“Long Time Gone,” a standout track from Crosby Stills and Nash’s debut, remains this fiery indictment of dreams lost — and a central emotional moment of any CSN concert. David Crosby, who composed the song, says his inspiration came in the immediate aftermath of Robert Kennedy’s assassination — though it immediately came to represent a much larger theme involving the loss of Kennedy’s older brother Jack and, in particular, that of Martin Luther King.
“I think I was angry about Dr. King as I was anything,” Crosby said during a recent talk at the Paley Center. “But we’d lost both of the Kennedys, and King. At a certain point, we really believed we could change things. We believed. We were people who really loved our country. We wanted it to be right, and we wanted it to be something we could be proud of. And we thought we had people you could believe in. Dr. King was a guy you could believe in. The Kennedys were guys that we idolized. It’s not supposed to be ballot by bullet.”

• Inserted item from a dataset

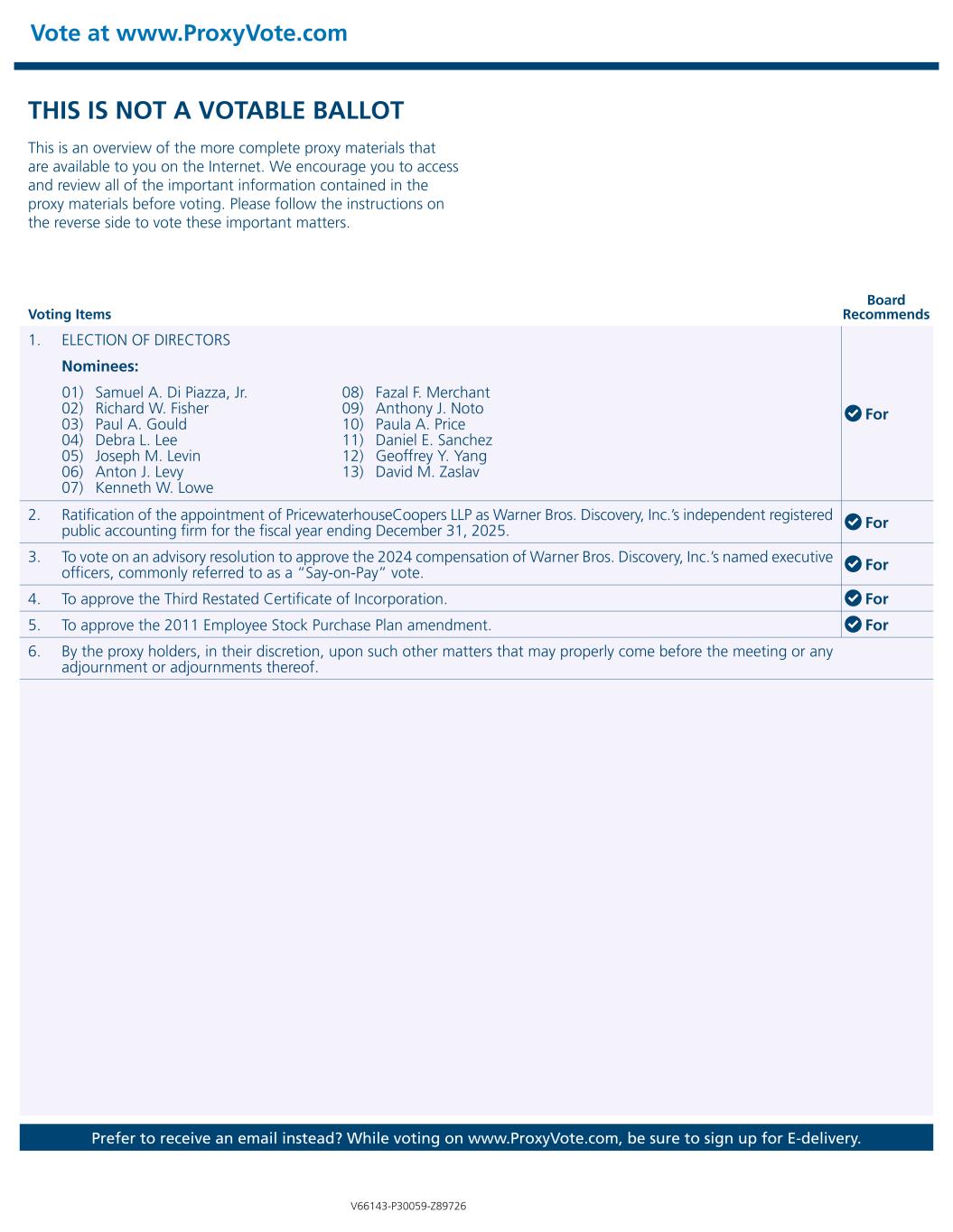 Prefer to receive an email instead? While voting on www.ProxyVote.com, be sure to sign up for E-delivery. Voting Items Board Recommends V66143-P30059-Z89726 THIS IS NOT A VOTABLE BALLOT This is an overview of the more complete proxy materials that are available to you on the Internet. We encourage you to access and review all of the important information contained in the proxy materials before voting. Please follow the instructions on the reverse side to vote these important matters. Vote at www.ProxyVote.com 1. ELECTION OF DIRECTORS For Nominees: 01) Samuel A. Di Piazza, Jr. 02) Richard W. Fisher 03) Paul A. Gould 04) Debra L. Lee 05) Joseph M. Levin 06) Anton J. Levy 07) Kenneth W. Lowe 08) Fazal F. Merchant 09) Anthony J. Noto 10) Paula A. Price 11) Daniel E. Sanchez 12) Geoffrey Y. Yang 13) David M. Zaslav 2. Ratification of the appointment of PricewaterhouseCoopers LLP as Warner Bros. Discovery, Inc.’s independent registered public accounting firm for the fiscal year ending December 31, 2025. For 3. To vote on an advisory resolution to approve the 2024 compensation of Warner Bros. Discovery, Inc.’s named executive officers, commonly referred to as a “Say-on-Pay” vote. For 4. To approve the Third Restated Certificate of Incorporation. For 5. To approve the 2011 Employee Stock Purchase Plan amendment. For 6. By the proxy holders, in their discretion, upon such other matters that may properly come before the meeting or any adjournment or adjournments thereof.

“Long Time Gone” was perhaps most famously performed by Crosby Stills Nash and Young at Woodstock in 1969, later being used during the opening of the concert film as workers prepared the festival grounds. By then, all three of these heroes were dead. King was murdered in April 1968, while RFK was killed in June of 1968. His older brother Jack was killed in 1963.
“It was a terribly discouraging thing to us,” Crosby adds, “and, of course, we reacted to it. That’s the troubadour part of what we do. We see stuff, we try to look at it honestly, and respond to it and carry the news. Part of the job is that, and we wrote some angry songs. We did — because that really got to us, to lose leaders of that quality. People we could believe in.”